# Exercise description
The required output is the run of lines from the one holding "Bara protecte fata" through the final line of the listing, restated word for word, with no pictures.

# Source material
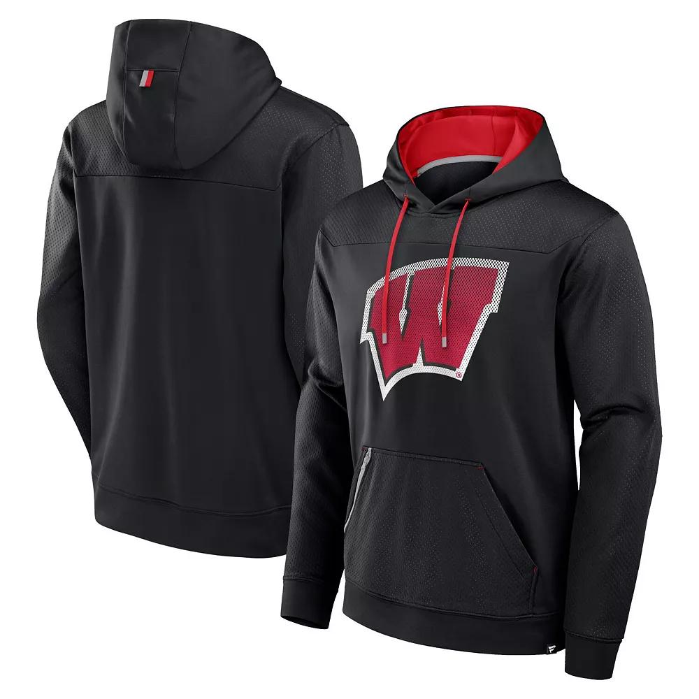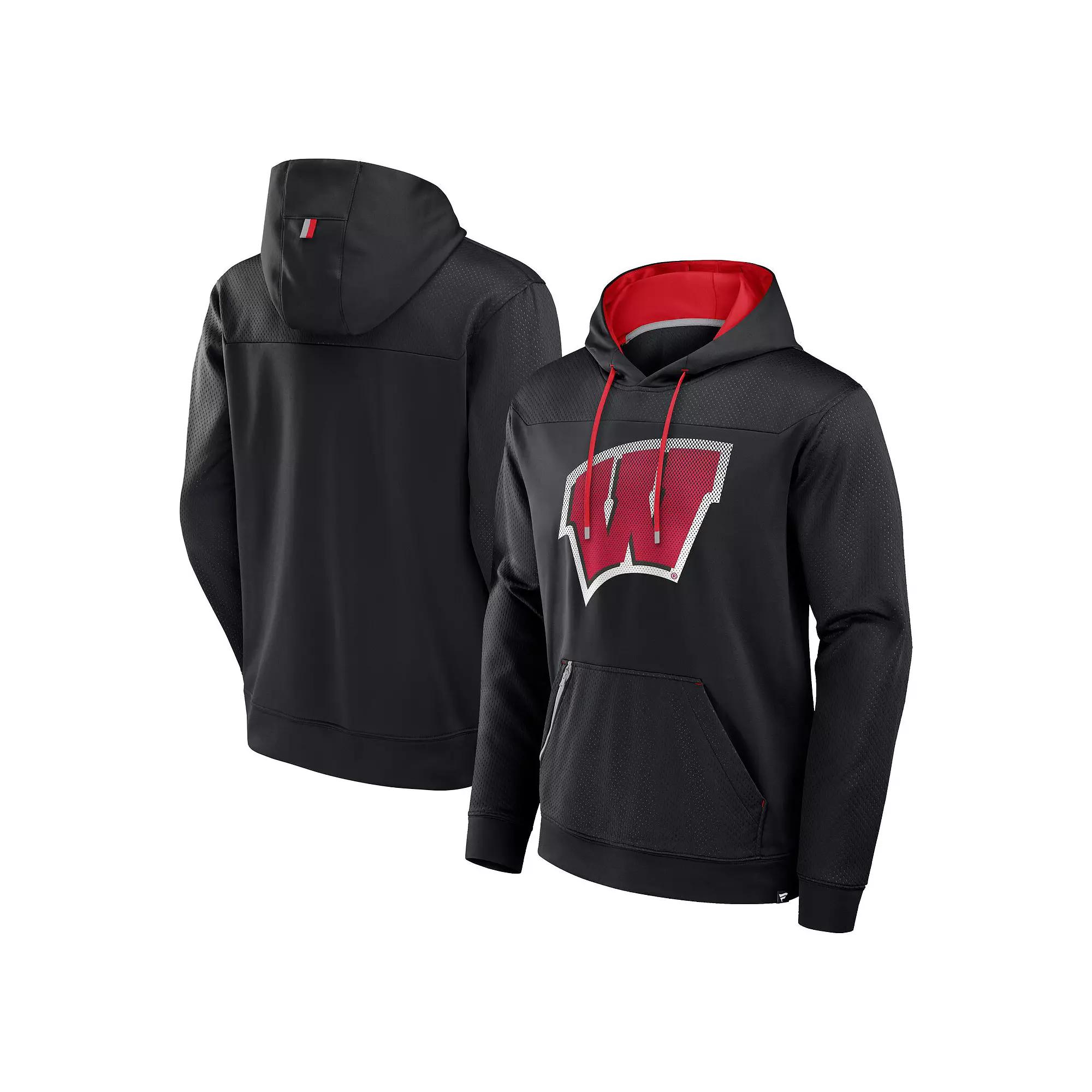 Stay warm while repping the Wisconsin Badgers with this Defender Dot Faded Primary Pullover Hoodie from Fanatics. This stylish hoodie features screen print team logo graphics with unique dot fade details at the chest, ensuring you stand out as a dedicated Wisconsin Badgers fan. The mesh overlay at the shoulders, sleeves and pouch pocket adds breathability, while the contrast-color hood lining and drawstrings deliver an extra pop of team spirit.Stay warm while repping the Wisconsin Badgers with this Defender Dot Faded Primary Pullover Hoodie from Fanatics. This stylish hoodie features screen print team logo graphics with unique dot fade details at the chest, ensuring you stand out as a dedicated Wisconsin Badgers fan. The mesh overlay at the shoulders, sleeves and pouch pocket adds breathability, while the contrast-color hood lining and drawstrings deliver an extra pop of team spirit.PRODUCT FEATURESImportedOfficially licensedMachine wash, tumble dry lowHoodedLong sleeveZippered pocket over right side of pouch pocket for extra storageMidweight hoodie suitable for moderate temperaturesContrast-color hood lining and drawstringsScreen print team logo graphics with dot fade details at chestPulloverMaterial: 100% PolyesterFront pouch pocket for extra warmth or storing small itemsBrand: FanaticsMesh overlay at shoulders, sleeves and pouch pocket Color: Black. Gender: male. Age Group: adult.
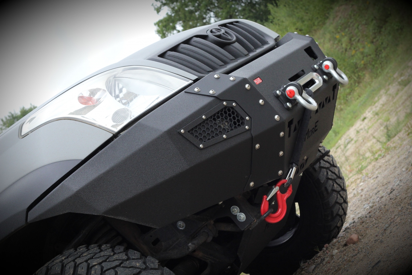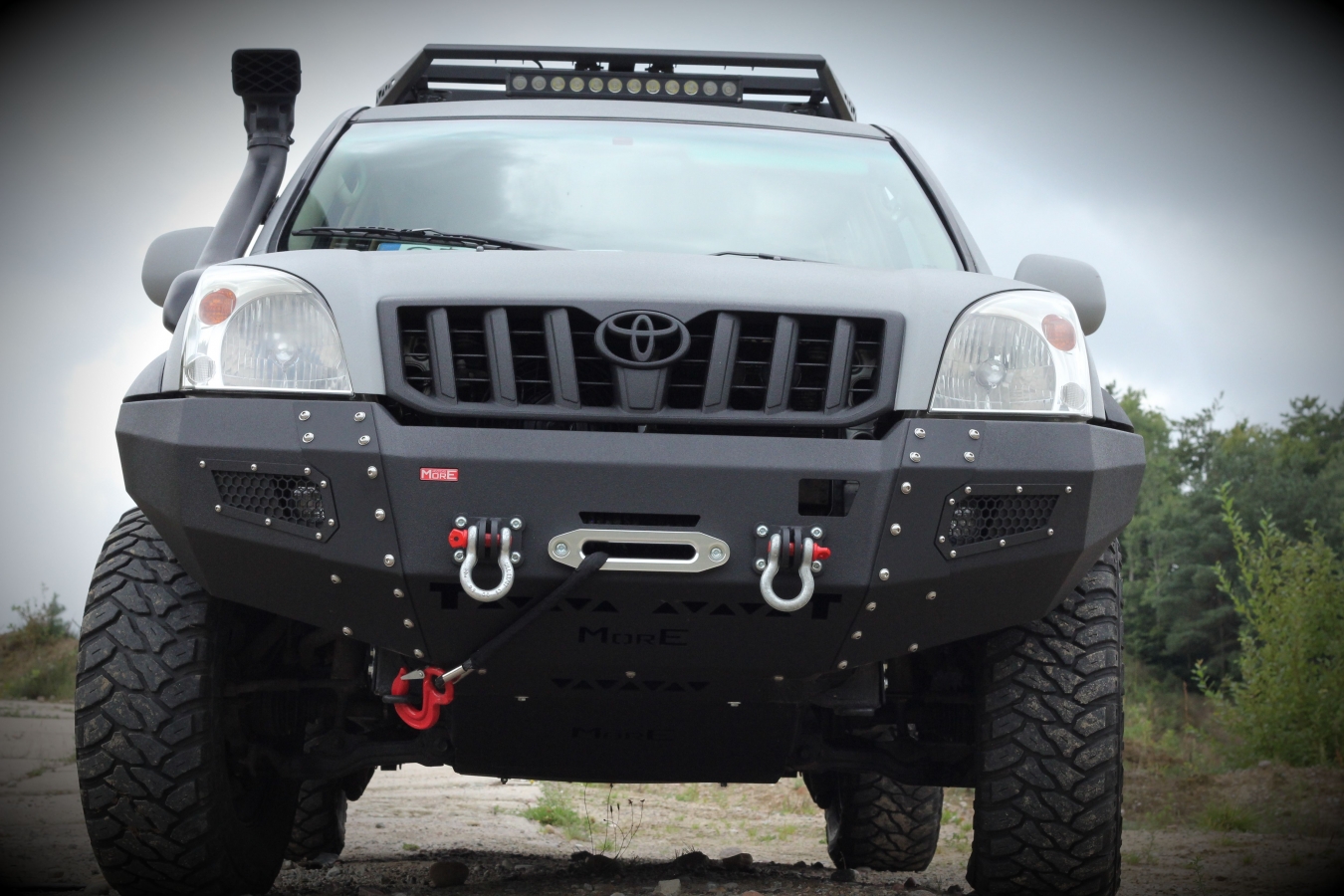 Bara protecte fata pentru Toyota Land Cruiser 120/125, cu suport de troliu incorporat. Bara de la MORE 4×4 este din otel si este vopsita cu vopsea structurala de culoare neagra, similara Raptor Coating. Este o bara solida cu o forma apropiata de cea originala, dar care are unghi de atac imbunatatit si permite montarea unor roti mai mari.
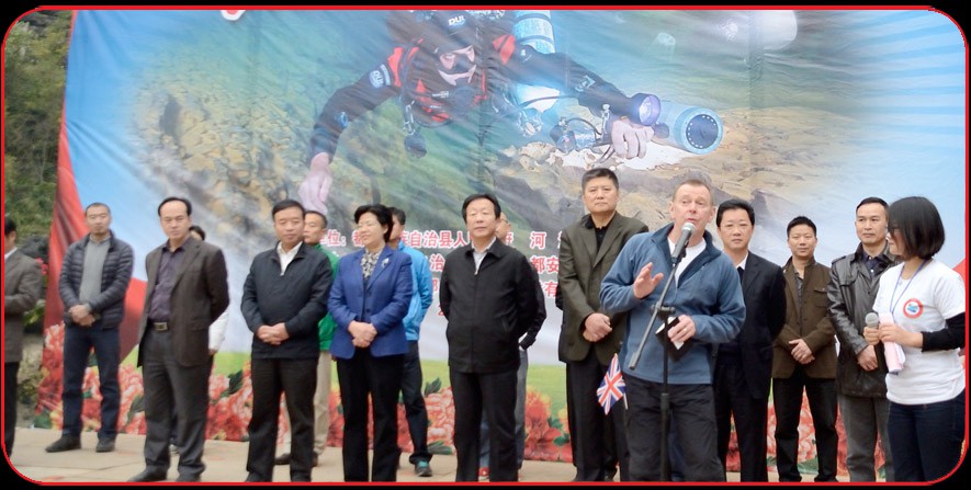 Martyn Farr speaks during the Du'An cave celebration day
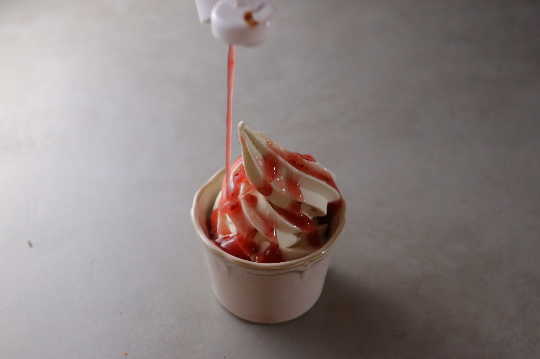本格ソフトクリームに好きなソースをトッピングして、自分だけのオリジナルパフェを作ることができます。

# Answer to this exercise
 Bara protecte fata pentru Toyota Land Cruiser 120/125, cu suport de troliu incorporat. Bara de la MORE 4×4 este din otel si este vopsita cu vopsea structurala de culoare neagra, similara Raptor Coating. Este o bara solida cu o forma apropiata de cea originala, dar care are unghi de atac imbunatatit si permite montarea unor roti mai mari.
 Martyn Farr speaks during the Du'An cave celebration day
本格ソフトクリームに好きなソースをトッピングして、自分だけのオリジナルパフェを作ることができます。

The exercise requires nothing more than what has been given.